Work instruction:
Return all of the data exactly, omitting any images.

Data:
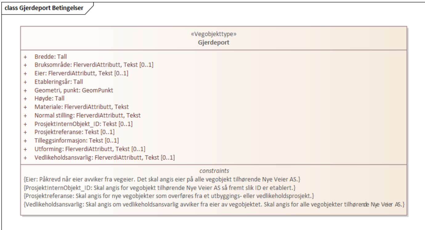
Figur 1: UML-skjema med betingelser
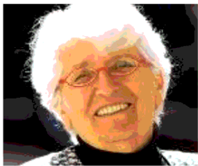
di Nicoletta Sipos
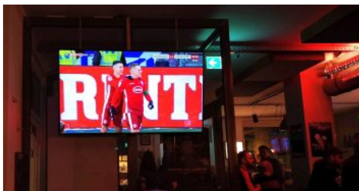
Hoffenheim vs F95: Na, wer hat das Tor gemacht? Genau...

Möglicherweise stellt dieses Unentschieden im Kraichgau den Beginn dieser blöden Remis-Serie dar, die F95 am Ende den Klassenerhalt gekostet hat. Möglicherweise war diese Partie aber auch der Anfang des unaufhaltbaren Abstiegs des lieben Friedhelm Funkel als Fortuna-

Exercise solution:
Figur 1: UML-skjema med betingelser
di Nicoletta Sipos
Hoffenheim vs F95: Na, wer hat das Tor gemacht? Genau...

Möglicherweise stellt dieses Unentschieden im Kraichgau den Beginn dieser blöden Remis-Serie dar, die F95 am Ende den Klassenerhalt gekostet hat. Möglicherweise war diese Partie aber auch der Anfang des unaufhaltbaren Abstiegs des lieben Friedhelm Funkel als Fortuna-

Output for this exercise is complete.